● **EXERCISE INSTRUCTIONS**: Please repeat the lines below, exactly and only, from the one that holds "This is a beautiful" through the one that holds "Maglia girocollo di".

● **INPUT**:

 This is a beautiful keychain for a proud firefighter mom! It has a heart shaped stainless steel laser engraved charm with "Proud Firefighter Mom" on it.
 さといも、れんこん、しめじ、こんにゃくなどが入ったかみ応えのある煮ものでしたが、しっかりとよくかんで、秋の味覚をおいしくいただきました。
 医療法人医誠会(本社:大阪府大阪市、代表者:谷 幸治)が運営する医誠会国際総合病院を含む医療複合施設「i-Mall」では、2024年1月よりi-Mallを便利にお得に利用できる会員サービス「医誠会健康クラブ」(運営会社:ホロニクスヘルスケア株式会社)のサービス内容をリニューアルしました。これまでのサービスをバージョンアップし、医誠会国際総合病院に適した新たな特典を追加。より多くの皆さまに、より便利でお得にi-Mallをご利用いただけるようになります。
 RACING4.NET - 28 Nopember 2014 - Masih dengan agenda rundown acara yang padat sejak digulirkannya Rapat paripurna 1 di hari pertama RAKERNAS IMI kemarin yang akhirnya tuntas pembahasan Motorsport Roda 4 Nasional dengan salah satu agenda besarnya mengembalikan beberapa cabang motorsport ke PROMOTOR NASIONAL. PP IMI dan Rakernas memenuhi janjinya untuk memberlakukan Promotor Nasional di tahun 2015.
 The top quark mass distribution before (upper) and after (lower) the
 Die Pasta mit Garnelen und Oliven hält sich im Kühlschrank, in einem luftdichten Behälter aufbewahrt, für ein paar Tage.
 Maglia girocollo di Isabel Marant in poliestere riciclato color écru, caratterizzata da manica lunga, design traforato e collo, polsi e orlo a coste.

* * *

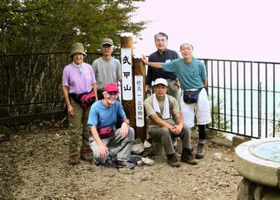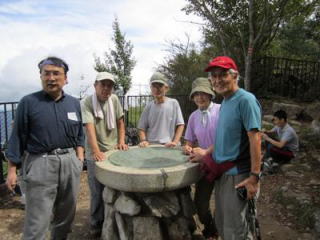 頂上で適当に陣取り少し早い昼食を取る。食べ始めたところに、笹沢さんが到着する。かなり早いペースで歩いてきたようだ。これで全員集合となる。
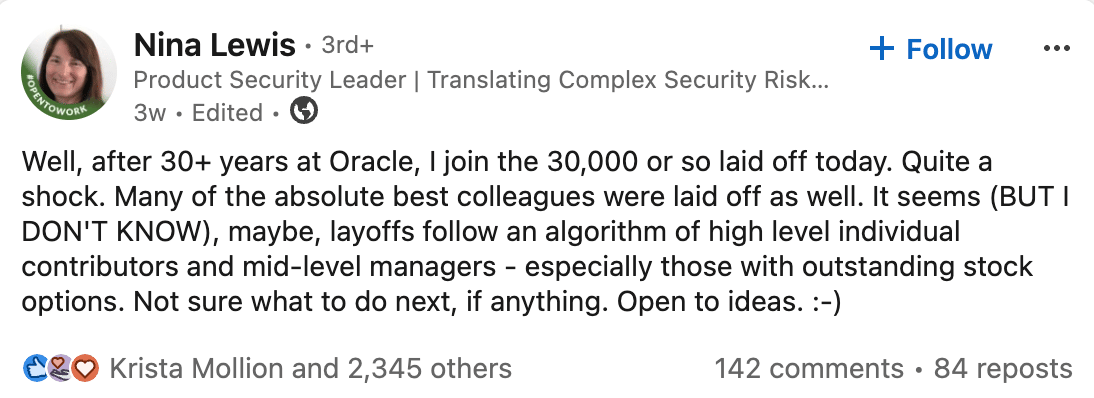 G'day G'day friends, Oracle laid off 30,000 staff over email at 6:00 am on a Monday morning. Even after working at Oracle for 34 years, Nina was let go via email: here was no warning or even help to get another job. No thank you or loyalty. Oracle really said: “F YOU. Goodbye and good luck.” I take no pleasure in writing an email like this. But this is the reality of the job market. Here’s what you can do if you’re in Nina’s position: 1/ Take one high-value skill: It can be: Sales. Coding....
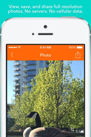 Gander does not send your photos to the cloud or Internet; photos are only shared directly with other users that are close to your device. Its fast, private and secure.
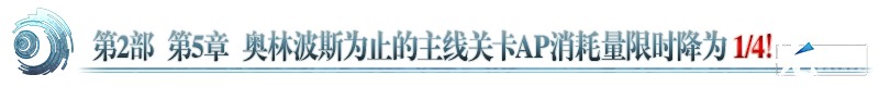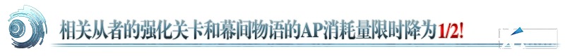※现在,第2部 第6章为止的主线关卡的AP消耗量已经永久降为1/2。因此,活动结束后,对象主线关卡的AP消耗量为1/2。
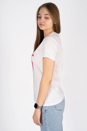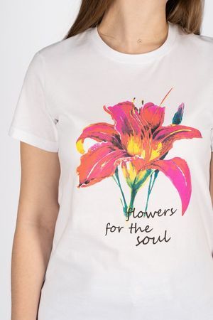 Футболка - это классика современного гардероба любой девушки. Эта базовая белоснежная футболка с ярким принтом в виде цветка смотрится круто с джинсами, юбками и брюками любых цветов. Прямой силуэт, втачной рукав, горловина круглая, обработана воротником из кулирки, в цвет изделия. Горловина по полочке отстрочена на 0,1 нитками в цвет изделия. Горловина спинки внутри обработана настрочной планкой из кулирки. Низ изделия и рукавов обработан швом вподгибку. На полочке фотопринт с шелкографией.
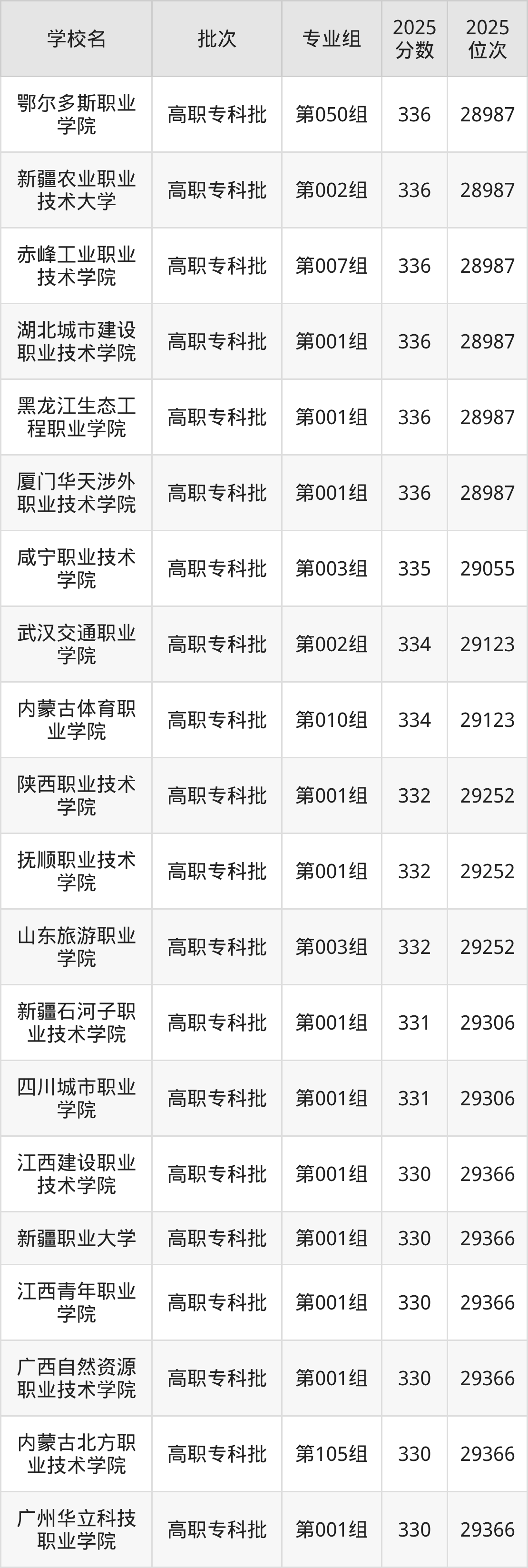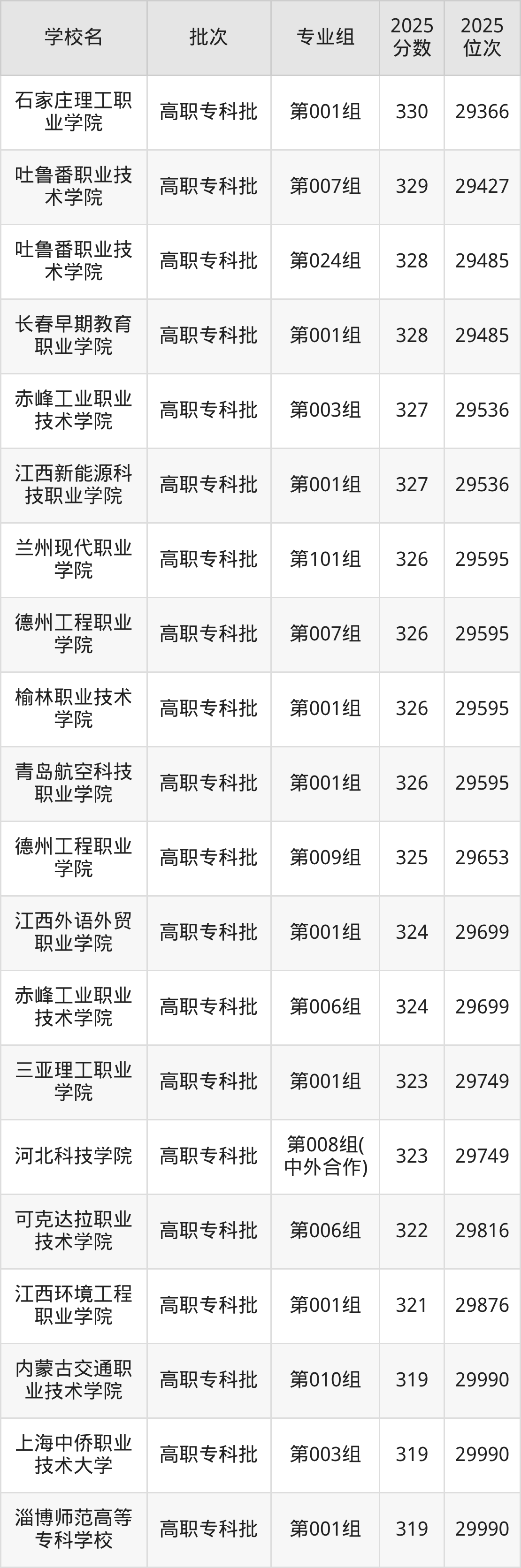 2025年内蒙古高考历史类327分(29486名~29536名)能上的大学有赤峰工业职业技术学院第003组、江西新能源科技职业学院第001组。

--

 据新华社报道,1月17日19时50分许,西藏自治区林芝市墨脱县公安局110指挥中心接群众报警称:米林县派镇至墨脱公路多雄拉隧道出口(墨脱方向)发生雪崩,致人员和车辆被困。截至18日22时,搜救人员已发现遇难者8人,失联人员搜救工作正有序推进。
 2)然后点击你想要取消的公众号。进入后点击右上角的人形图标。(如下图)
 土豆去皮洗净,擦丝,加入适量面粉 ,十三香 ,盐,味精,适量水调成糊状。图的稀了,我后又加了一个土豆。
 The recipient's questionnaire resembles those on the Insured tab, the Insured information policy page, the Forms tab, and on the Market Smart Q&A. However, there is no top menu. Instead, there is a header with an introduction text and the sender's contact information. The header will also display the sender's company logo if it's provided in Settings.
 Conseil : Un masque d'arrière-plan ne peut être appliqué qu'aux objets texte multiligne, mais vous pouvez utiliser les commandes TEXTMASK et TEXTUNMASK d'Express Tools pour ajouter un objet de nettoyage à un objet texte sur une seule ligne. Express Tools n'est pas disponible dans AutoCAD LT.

● **THE COMPLETED TASK**:
 This is a beautiful keychain for a proud firefighter mom! It has a heart shaped stainless steel laser engraved charm with "Proud Firefighter Mom" on it.
 さといも、れんこん、しめじ、こんにゃくなどが入ったかみ応えのある煮ものでしたが、しっかりとよくかんで、秋の味覚をおいしくいただきました。
 医療法人医誠会(本社:大阪府大阪市、代表者:谷 幸治)が運営する医誠会国際総合病院を含む医療複合施設「i-Mall」では、2024年1月よりi-Mallを便利にお得に利用できる会員サービス「医誠会健康クラブ」(運営会社:ホロニクスヘルスケア株式会社)のサービス内容をリニューアルしました。これまでのサービスをバージョンアップし、医誠会国際総合病院に適した新たな特典を追加。より多くの皆さまに、より便利でお得にi-Mallをご利用いただけるようになります。
 RACING4.NET - 28 Nopember 2014 - Masih dengan agenda rundown acara yang padat sejak digulirkannya Rapat paripurna 1 di hari pertama RAKERNAS IMI kemarin yang akhirnya tuntas pembahasan Motorsport Roda 4 Nasional dengan salah satu agenda besarnya mengembalikan beberapa cabang motorsport ke PROMOTOR NASIONAL. PP IMI dan Rakernas memenuhi janjinya untuk memberlakukan Promotor Nasional di tahun 2015.
 The top quark mass distribution before (upper) and after (lower) the
 Die Pasta mit Garnelen und Oliven hält sich im Kühlschrank, in einem luftdichten Behälter aufbewahrt, für ein paar Tage.
 Maglia girocollo di Isabel Marant in poliestere riciclato color écru, caratterizzata da manica lunga, design traforato e collo, polsi e orlo a coste.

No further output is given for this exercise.